# Notebook 03: Feature Engineering (Fixed for Spark Connect ML)
Using direct transformations instead of Pipeline to avoid model size limits

## Import libraries

In [0]:
%python
from pyspark.sql import SparkSession
from pyspark.sql.functions import *
from pyspark.sql.types import *
from pyspark.ml.feature import VectorAssembler
import numpy as np

## Initialize with optimization


In [0]:
%python
spark = SparkSession.builder \
    .appName("Hotel_Churn_Feature_Engineering") \
    .config("spark.sql.adaptive.enabled", "true") \
    .config("spark.sql.adaptive.coalescePartitions.enabled", "true") \
    .getOrCreate()

## Load Dataset from Silver

In [0]:
%python
df = spark.table("hotel_catalog.silver.cleaned_hotel_bookings")
print(f"Total records: {df.count():,}")

##  Create features using direct SQL transformations (no Pipeline!)

In [0]:
%python
print("Creating features with direct transformations...")

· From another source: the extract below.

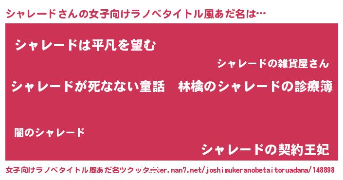 | 男性向けラノベタイトル風あだ名 | 『魔弾の王とシャレード』 |
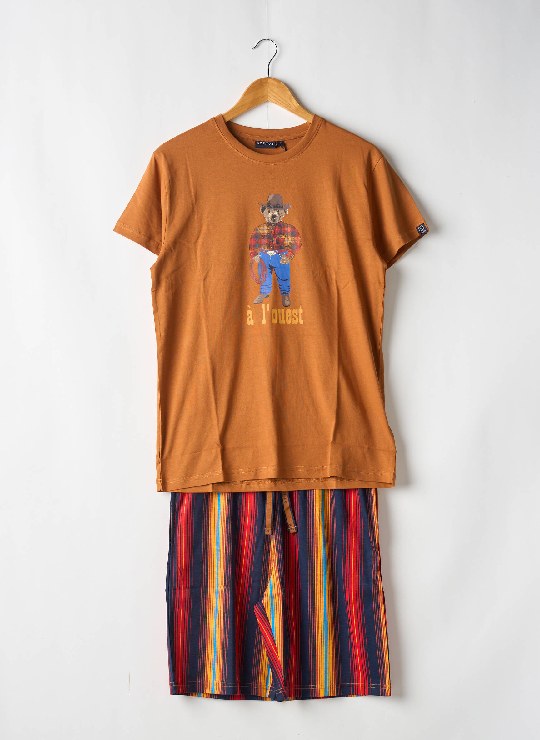 Faites-vous plaisir sans vous ruiner avec ce pyjama ARTHUR pour homme, composé d’un t-shirt à la teinte chaude orné d’un motif ours à l’ouest pour une touche d'humour et d’originalité, accompagné d’un short à rayures colorées qui dynamise vos soirées comme vos matins. Ce pyjama à petit prix garantit un confort tendance et une allure décontractée à moindre coût, idéal pour profiter de la qualité ARTHUR sans compromis sur votre budget.

# First, handle missing values with simple fillna
df = df.fillna({
    'children': 0,
    'agent': 'Unknown',
    'company': 'Unknown',
    'country': 'UNK'
})

## Create basic features

In [0]:
%python
df_features = df.withColumn(
    "total_nights",
    col("stays_in_weekend_nights") + col("stays_in_week_nights")
).withColumn(
    "total_guests",
    col("adults") + col("children") + col("babies")
).withColumn(
    "total_price",
    col("adr") * col("total_nights")
).withColumn(
    "is_weekend_stay",
    when(col("stays_in_weekend_nights") > 0, 1).otherwise(0)
).withColumn(
    "room_type_match",
    when(col("reserved_room_type") == col("assigned_room_type"), 1).otherwise(0)
).withColumn(
    "has_special_requests",
    when(col("total_of_special_requests") > 0, 1).otherwise(0)
)

## Create numerical features with manual scaling

In [0]:
%python
# Calculate min/max for scaling
stats = df_features.agg(
    min("lead_time").alias("min_lead_time"),
    max("lead_time").alias("max_lead_time"),
    min("adr").alias("min_adr"),
    max("adr").alias("max_adr"),
    min("total_nights").alias("min_nights"),
    max("total_nights").alias("max_nights"),
    min("previous_cancellations").alias("min_prev_cancel"),
    max("previous_cancellations").alias("max_prev_cancel")
).collect()[0]

# Apply manual min-max scaling
prev_cancel_range = stats["max_prev_cancel"] - stats["min_prev_cancel"]
if prev_cancel_range == 0:
    prev_cancel_range = 1  # avoid division by zero

df_features = df_features.withColumn(
    "lead_time_scaled",
    (col("lead_time") - stats["min_lead_time"]) / 
    (stats["max_lead_time"] - stats["min_lead_time"])
).withColumn(
    "adr_scaled",
    (col("adr") - stats["min_adr"]) / 
    (stats["max_adr"] - stats["min_adr"])
).withColumn(
    "total_nights_scaled",
    (col("total_nights") - stats["min_nights"]) / 
    (stats["max_nights"] - stats["min_nights"])
).withColumn(
    "prev_cancellations_scaled",
    (col("previous_cancellations") - stats["min_prev_cancel"]) / prev_cancel_range
)

## Encode categorical features manually (no StringIndexer/OneHotEncoder)

In [0]:
%python
# Manual encoding for hotel (binary)
df_features = df_features.withColumn(
    "hotel_encoded",
    when(col("hotel") == "Resort Hotel", 0).otherwise(1)
)

# Manual encoding for deposit_type (3 categories -> 2 binary columns)
df_features = df_features.withColumn(
    "deposit_no_deposit",
    when(col("deposit_type") == "No Deposit", 1).otherwise(0)
).withColumn(
    "deposit_non_refund",
    when(col("deposit_type") == "Non Refund", 1).otherwise(0)
)
# Note: "Refundable" is the reference category (both columns = 0)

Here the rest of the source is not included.